Thanks for commenting and for that link. I actually didn't remember the stuff about my doctor and the timeline of it quite right at first. It was not my normal doctor who accused me of having an eating disorder, but another doctor I saw once at that clinic. My own doctor thought she was out of line for suggesting that. However, I did just connect that the accusation was actually before I lost the weight or became underweight. The doctor asked how much I weighed, and I simply remarked that I was about 5 pounds higher than normal that day (because I had been anemic and going to the doctor a lot and I knew they always ask if your weight has changed). It was honestly a unremarkable comment, but the doctor flipped out and started asking me when the last time I made my puke was and grilling my mom about if I skipped meals. I started food journaling that day so I could show my own doctor that I really didn't have an eating disorder (and continued doing so in case any of the specialists I was seeing thought that). Because I genuinely didn't at that time, I was just anemic and had no appetite. But within sixth months of that appointment, I had lost 15 pounds without trying or wanting to and was about five pounds underweight.

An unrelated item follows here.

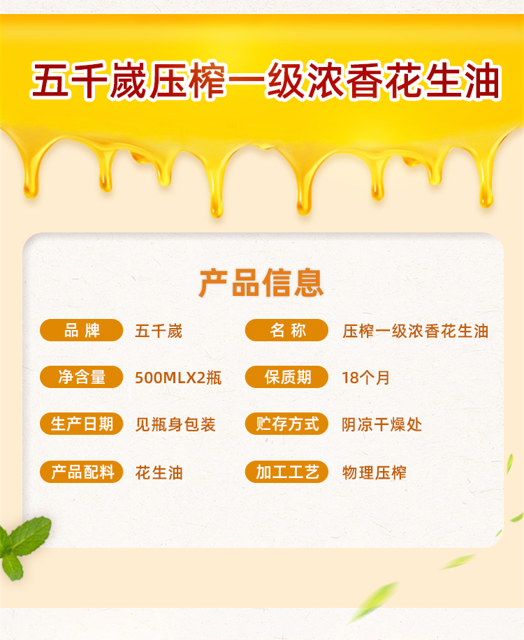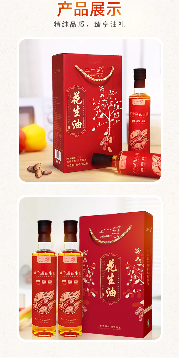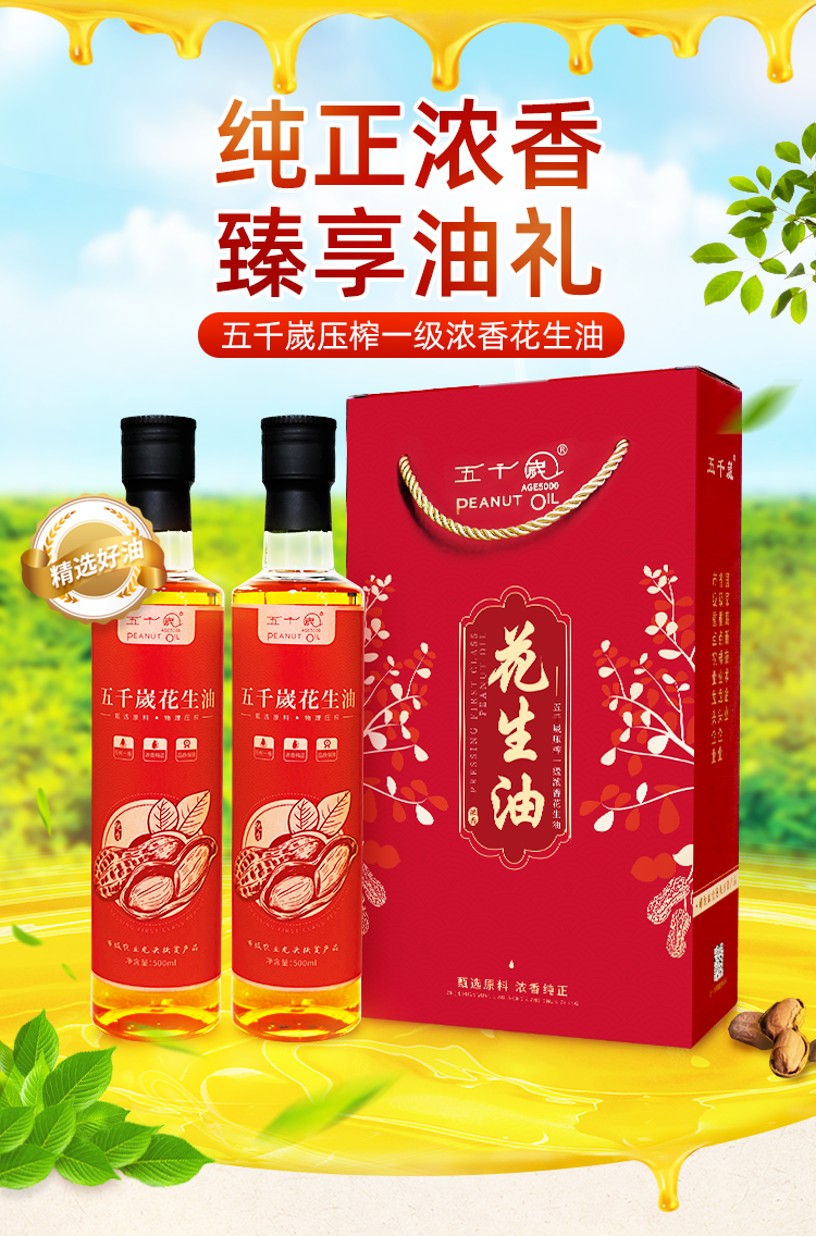 五千岁花生油压榨一级浓香纯正食用油礼盒装送礼礼品 500mlX2

I did not consciously restrict foods and never skipped meals, but I didn't eat much because I was never hungry. I didn't mind losing the first few pounds but after that I was alarmed. I genuinely was not trying to lose weight. I ended up having to learn to force myself to eat when I wasn't hungry and to gauge my food visually rather than relying on hunger.

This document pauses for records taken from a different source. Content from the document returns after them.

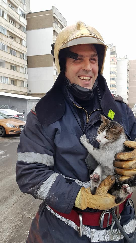 BACĂU: O pisică a fost salvată din foc de pompieri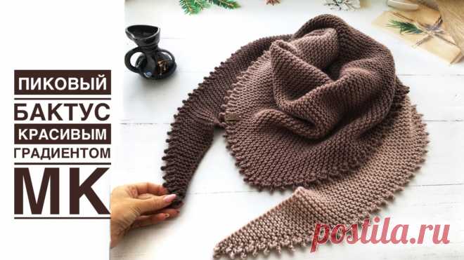 На изображении показан коричневый вязаный бактус с градиентом, расположенный на светлом столе. Рядом находится черная чашка с напитком, еловые веточки и подарочная упаковка. На изображении также присутствует текст на русском языке о бактусе и мастер-классе.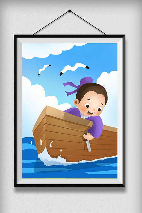 成语故事卡通插画刻舟求剑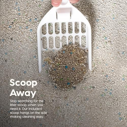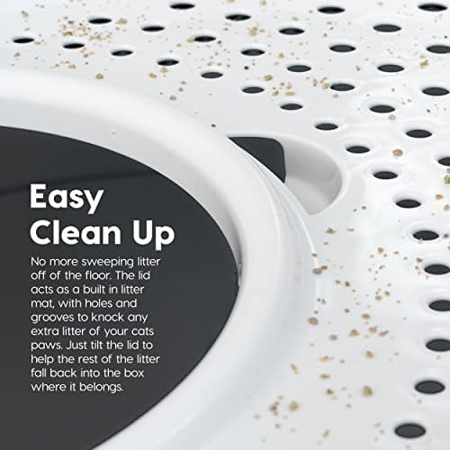 MADE IN USA with global materials - The IRIS USA top entry kitty litter tray offers a functional and aesthetically pleasing solution to your cat's bathroom needs. With the top entry kitty litter box, everything stays inside and out of sight, and the enclosed design lessens the prevalence of unpleasant odors in the room, something that's sure to make everyone in the family happy. TOP ENTRY - The top entry of the cat litter pan means more privacy for your cat, less litter spillage, and any spraying remains contained within the tall walls of the kitty litter box. It also functions to keep other pets, such as dogs, out of your cat's business, making for a stress-free environment for everyone. TIDY - The little holes in the lid catch any lingering litter particles on your cat's paws and keep them from spilling out onto the floor, keeping the area neat and clean and making clean-up a breeze. ORGANIZED - The included scoop features a hook, allowing you to hang it from the side of the kitty litter pan to store it between cleanings and have it within reach whenever it's needed, making the days of hunting around for the scoop a thing of the past. GREAT SIZE - Outside dimensions: 20.5"L x 14.75"W x 14.38"H, Entry: 9.25" Diameter, Inside dimensions (bottom): 17"L x 11.5"W
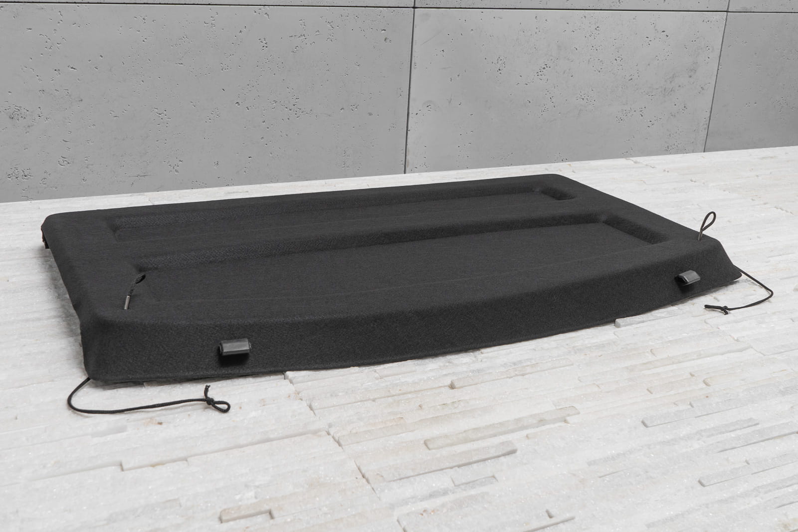 Akcesoryjna półka pozwala na zakrycie wnętrza bagażnika, tym samym zmniejszając ryzyko kradzieży przewożonych przedmiotów. Półka obita została wysokiej jakości materiałem o wysokiej odporności na uszkodzenia mechaniczne, działanie wysokich i niskich temperatur, a także na odbarwianie się od słońca. Produkt fabrycznie nowy, oryginalnie zapakowany.
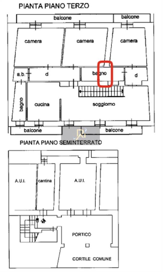Piena proprietà di appartamento al piano terzo di circa 143 mq. Consistenza: 7 vani. Composto da soggiorno/pranzo, cucina, tre camere, due bagni, due disimpegni e balconi, con annesso vano cantina al piano seminterrato e due piccoli terreni di pertinenza.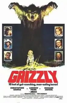 Grizzly (also known as Killer Grizzly on U.S. television) is a 1976 American horror thriller film directed by William Girdler, about a park ranger's attempts to halt the wild rampage of an 18 ft (5.5 m) tall, 2,000 lb (910 kg) Man-eating grizzly bear that terrorizes a National Forest, having developed a taste for human flesh. However, a drunken hunting party complicates matters. It stars Christopher George, Andrew Prine and Richard Jaeckel. Widely considered a Jaws rip-off, Grizzly used many of the same plot devices as its shark predecessor, which had been a huge box office success during the previous year. The giant grizzly bear in the film was portrayed by a Kodiak bear named Teddy, who was 11 ft (3.4 m) tall.

I wouldn't classify it as any specific eating disorder, but certainly I have had some amount of disordered eating ever since that unfounded accusation about 7 years ago. I did fairly well on Paleo the first time, but this is not healthy for me anymore. I think I'm going to eat gluten-free and leave it at that. I was eating gluten free when I was first diagnosed with asthma, and it was still better controlled then than it is now when I'm on medication. Between that and the medicine, I'm going to let that be enough.

Link to comment
Share on other sites

Archived

This topic is now archived and is closed to further replies.

×
×
  • Create New...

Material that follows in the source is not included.